A Massachusetts resident identifying herself only as "Safi," who asked that her last name not be used for fear of retribution against her relatives in Afghanistan, ties a bow around a keepsake teddy bear Tuesday, Nov. 9, 2021, during an interview with The Associated Press. Thousands of Afghans have applied for temporary admission into the U.S. for humanitarian reasons, but few have been approved since the Taliban recaptured control of their homeland. "We're worried for their lives," said Safi, whose family is sponsoring some 20 other relatives seeking humanitarian parole. (AP Photo/Steven Senne)More than 28,000 Afghans have applied for temporary admission into the U.S. for humanitarian reasons since shortly before the Taliban recaptured Afghanistan and sparked a chaotic U.S. withdrawal, but only about 100 of them have been approved, according to federal officials.

U.S. Citizenship and Immigration Services has struggled to keep up with the surge in applicants to a little-used program known as humanitarian parole but promises it’s ramping up staff to address the growing backlog.

Afghan families in the U.S. and the immigrant groups supporting them say the slow pace of approvals threatens the safety of their loved ones, who face an uncertain future under the hard-line Islamic government because of their ties to the West.

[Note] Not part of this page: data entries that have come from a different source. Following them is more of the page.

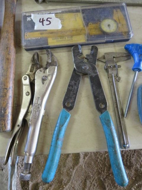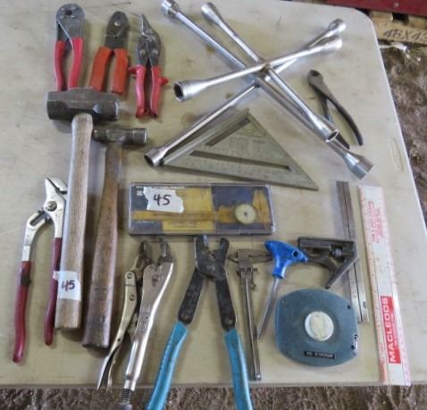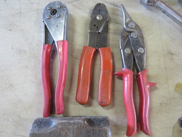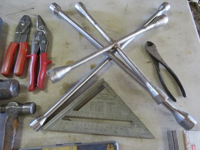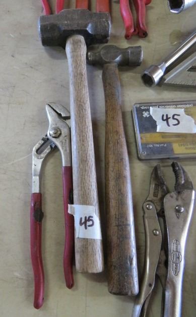 LOT OF RANDOM TOOLS (SLEDGE HAMMERS, TIRE GAUGES, PLIERS, SPEED WRENCH, ETC)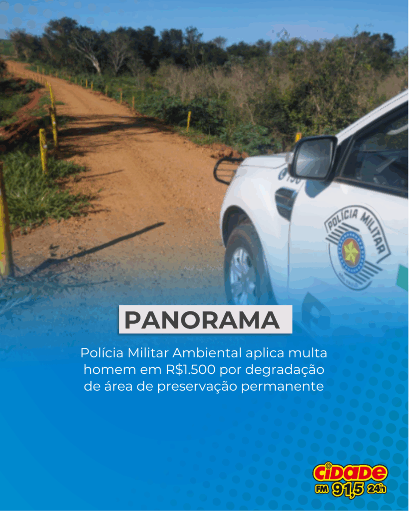por Alessandro Dias Panorama, SP- Um homem de 61 anos foi multado nesta terça-feira (25) por degradar uma Área de Preservação Permanente (APP) em uma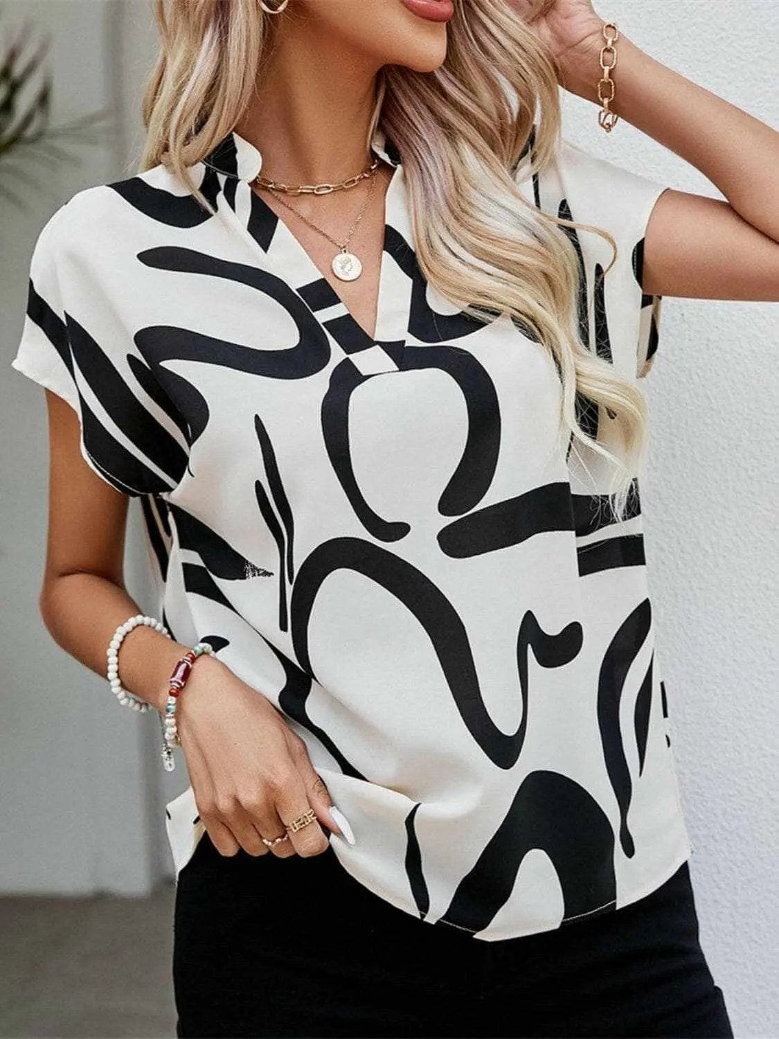 Discover the epitome of effortless elegance with the Trendsi Chic Printed Notched Sleeve Blouse. This premium quality top is designed to infuse your wardrobe with a touch of sophisticated charm, perfect for both professional settings and stylish casual outings. Crafted from a luxurious, lightweight fabric blend, it offers exceptional comfort and a flattering drape that moves beautifully with you.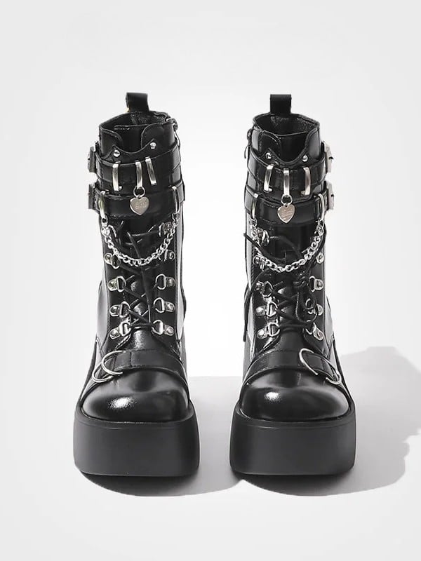 Chain - in Heart Platform System Multi-Closure Charm with Details Boots Style Punk Black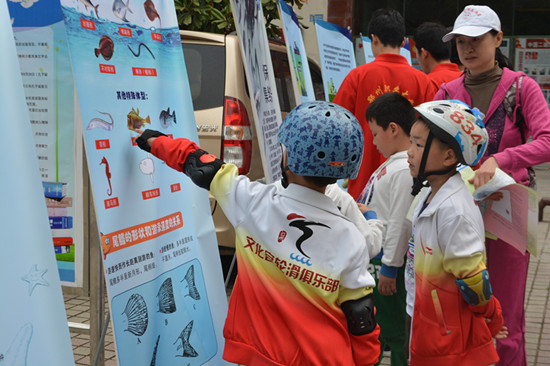 活动现场吸引了不少市民尤其是小朋友的目光,他们颇有兴趣地观看了活动现场摆放的中华鲟保护知识展板,并热情积极地参与到与中华鲟的赛跑活动中。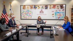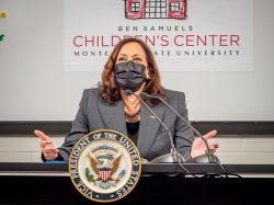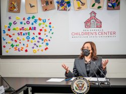 Vice President Kamala Harris, Congresswoman Mikie Sherrill (NJ-11) and Governor Phil Murphy visited the Ben Samuels Children’s Center on the Montclair State University campus on Friday, October 8 to highlight the importance of federal funding for child care.
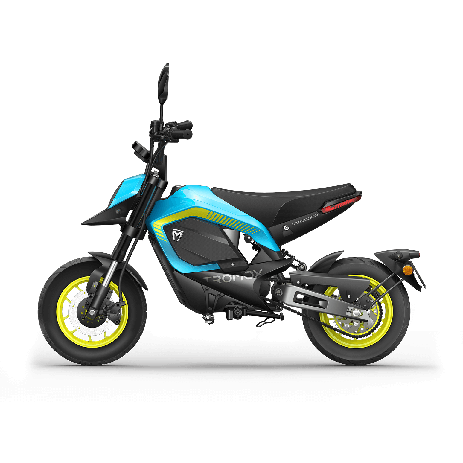 The MINO is an innovative electric bike by Tromox. The company is dedicated to high quality intelligent electric motorcycles. The MINO is designed in a partnership with an Italian design firm and is designed to be easy to personalize. The bike has a swap-able 38 Ah lithium battery made by Panasonic that provides a driving range of 73 miles. The battery is of high quality and is of the same type as the batteries in the Tesla Model S. The bike has a powerful 2,500 watt electric motor with 110 Nm torque for a top speed of 35 mph while restricted to 50cc mode but can do over 45mph once fully derestricted. The bike has a premium quality carbon steel frame, aluminium parts, high efficiency 180mm disc brakes and is equipped with over 20 sensors that monitor the health of the vehicle. The moped is lightweight and easy to handle.

“We’re worried for their lives,” says Safi, a Massachusetts resident whose family is sponsoring 21 relatives seeking humanitarian parole. “Sometimes, I think there will be a day when I wake up and receive a call saying that they’re no more.” The 38-year-old U.S. permanent resident, who asked that her last name not be used for fear of retribution against her relatives, is hoping to bring over her sister, her uncle and their families. She says the families have been in hiding and their house was destroyed in a recent bombing because her uncle had been a prominent local official before the Taliban took over.